[PUBDEV-7859] grid.resume() #5234

honzasterba · 2021-01-14T22:15:52Z

make grid resumable without providing any extra params
this means all necessary config and params must be stored with the grid
another piece to the puzzle of fault tolerance

michalkurka · 2021-01-18T14:42:46Z

h2o-core/src/main/java/hex/grid/HyperParameters.java

+ */
+public class HyperParameters extends Iced<HyperParameters> {
+
+    private volatile Map<String, Object[]> values;


volatile? Maybe transient instead? to make it clear it is not serialized?

good catch, fixed

michalkurka · 2021-01-18T14:44:15Z

h2o-algos/src/test/java/hex/grid/SequentialWalkerTest.java

@@ -74,6 +72,27 @@ public void test_SequentialWalker() {
            Scope.exit();
        }
    }
+
+    @Test
+    public void test_SequentialWalker_getHyperParams() {


does the resume work also with parallel grid search?

modified the test to test this as well, actually discovered a bug, in parallel grid search resume code

michalkurka · 2021-01-18T14:45:31Z

h2o-py/h2o/grid/grid_search.py

@@ -354,6 +354,22 @@ def train(self, x=None, y=None, training_frame=None, offset_column=None, fold_co
        parms["x"] = x
        self.build_model(parms)

+    def resume(self, recovery_dir=None):


Pscheidl

I expected a different design. Expected H2O to have a default "dump folder" where everything is saved automatically and that dump folder is checked on startup for any checkpoints and other configuration. Such a folder could be configurable of course. And it's usage. For starters, it could be enabled on K8S only via a dedicated envvar. I'm just curious why didn't we go this way ?
Resumes (not autorestart) are testable via JUnit - the deserialized objects can be compared easily with the ones before the algorithm was interrupted. This would test the correctness of the serialization part.
Should work with parallel grid search nicely, as each model has a separate file. Only tests are missing - would be nice to have one as well.

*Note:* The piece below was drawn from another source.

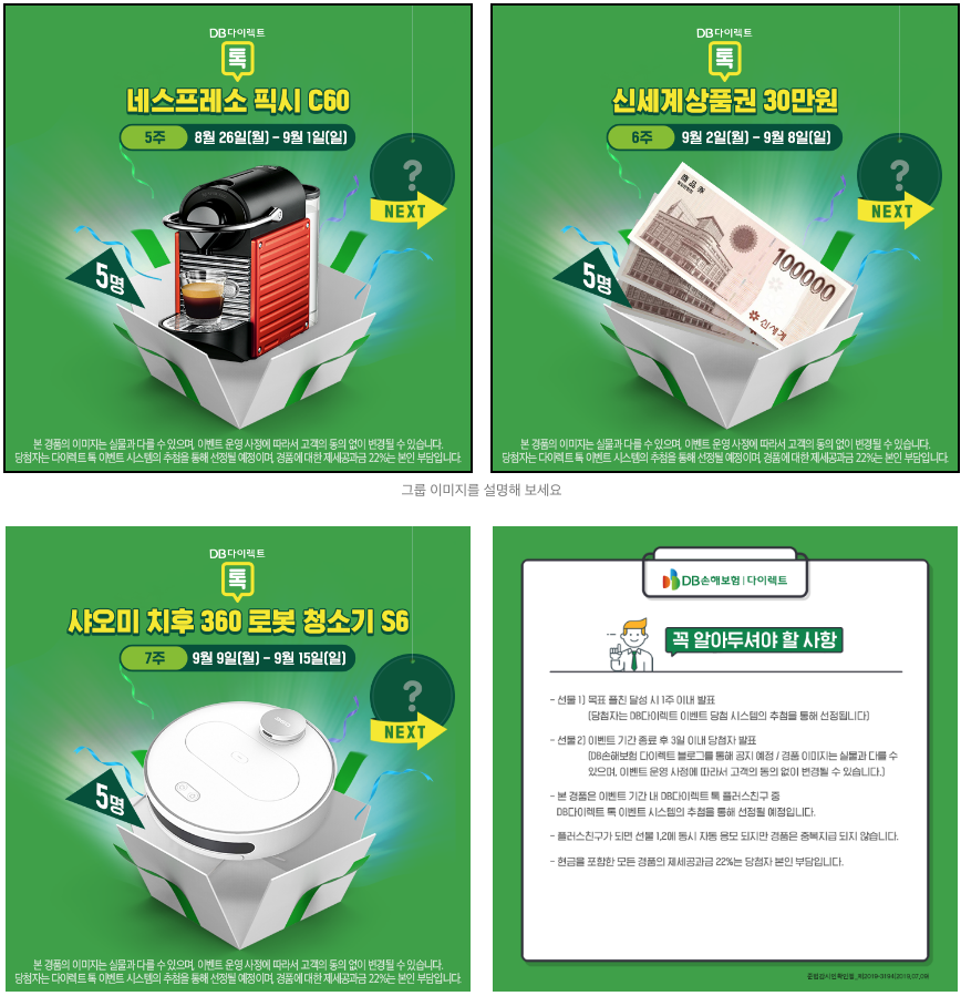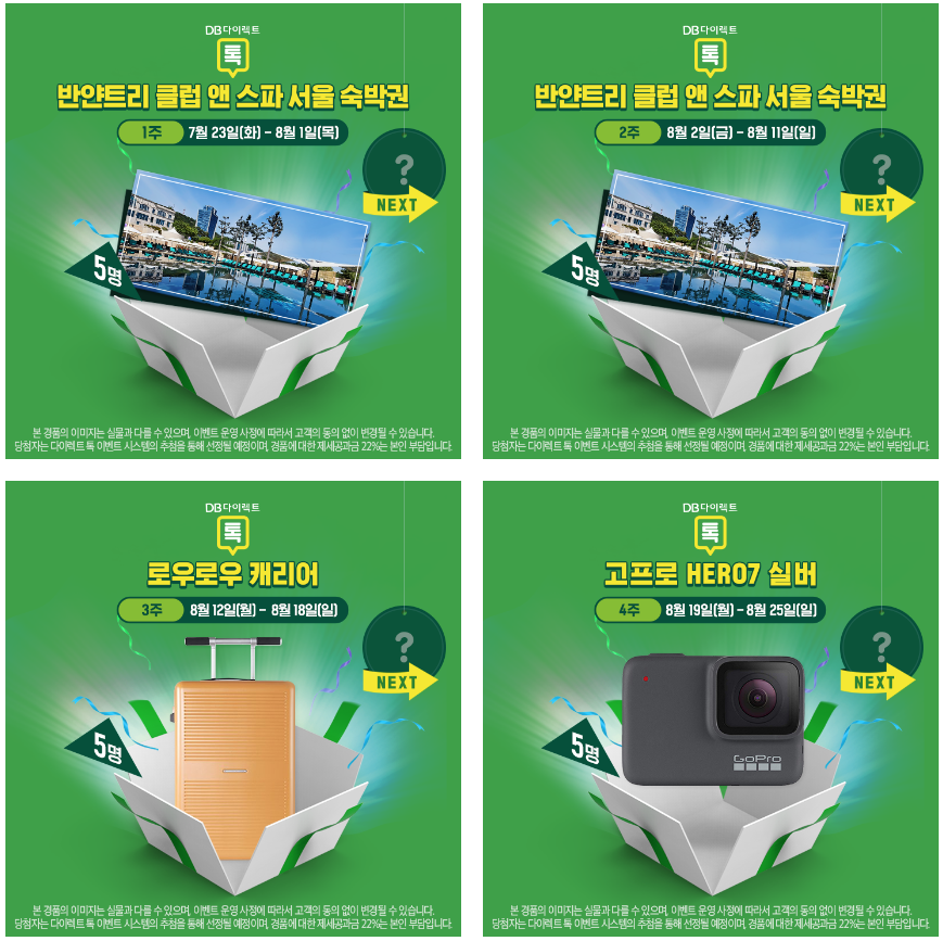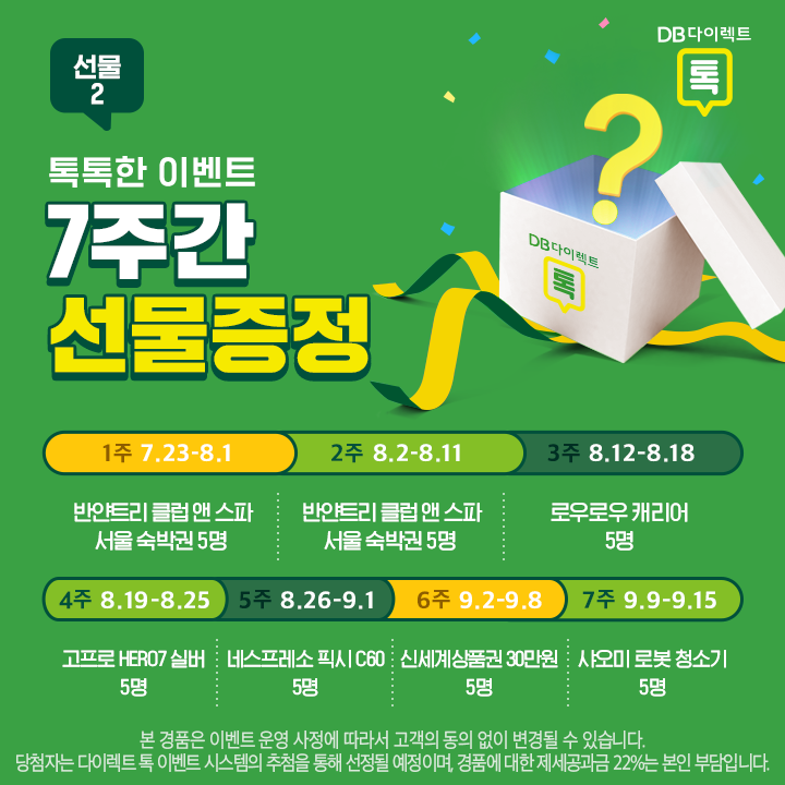 매주 설레이는 마음으로 기다려 볼 수 있는 이벤트라 7주간 즐거울 것 같습니다. 복잡하게 참여하는 이벤트가 아닌 만큼 가볍게 DB다이렉트톡 카톡플친 되시고 행운도 잡아 가시기 바랍니다. 주인공은 누가 될지 아무도 모릅니다.

h2o-py/h2o/grid/grid_search.py

honzasterba · 2021-01-18T18:37:01Z

I expected a different design. Expected H2O to have a default "dump folder" where everything is saved automatically

... yes, this is the next stel in the process, I have the code mostly ready but did not want to make this PR even larger

Should work with parallel grid search nicely, as each model has a separate file. Only tests are missing - would be nice to have one as well.

... will add

Pscheidl · 2021-01-18T21:12:45Z

GS saves models as they're built. If a new folder is specified in resume function, shouldn't the content of the old folder be copied to the new one ? ( What if there will be another interruption, will H2O be able to load all the models from the new folder ?

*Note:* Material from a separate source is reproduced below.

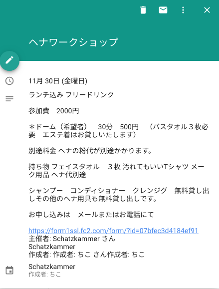 JUGEMテーマ:石鹸・シャンプー・化粧品 11月のヘナワークショップですが、イベント出店のため 第4週に開催ができません。申し訳ございませんが 11月30日(金)と12月1日(土)に 変更になりますのでどうぞよろしくお願いいたします。 お申し込み→フォーム

h2o-core/src/main/java/hex/grid/HyperParameters.java

h2o-r/tests/testdir_algos/grid/runit_grid_recovery_dir.R

Pscheidl · 2021-01-18T21:23:24Z

h2o-hadoop-common/tests_fault_tolerance/python/test_grid_reload.py

            print("models after first run:")
            for x in sorted(loaded.model_ids):
                print(x)
-            loaded.hyper_params = hyper_parameters
-            loaded.train(x=list(range(4)), y=4, training_frame=loaded_train)
+            loaded.resume()


Test with the new target folder as well ?

honzasterba · 2021-01-19T13:09:13Z

GS saves models as they're built. If a new folder is specified in resume function, shouldn't the content of the old folder be copied to the new one ? ( What if there will be another interruption, will H2O be able to load all the models from the new folder ?

very good catch, will work on that

- make grid resumable without providing any extra params - this means all necessary config and params must be stored with the grid - another piece to the puzzle of fault tolerance

- modified to test to use parallelism too

…viously trained models again

- make grid resumable without providing any extra params - this means all necessary config and params must be stored with the grid - another piece to the puzzle of fault tolerance - increase r cmd check timeout as it keeps timing out - fixed resume with parallel grid search - modified to test to use parallelism too - make sure we load also saved models on grid recovery and save the previously trained models again (cherry picked from commit abff884)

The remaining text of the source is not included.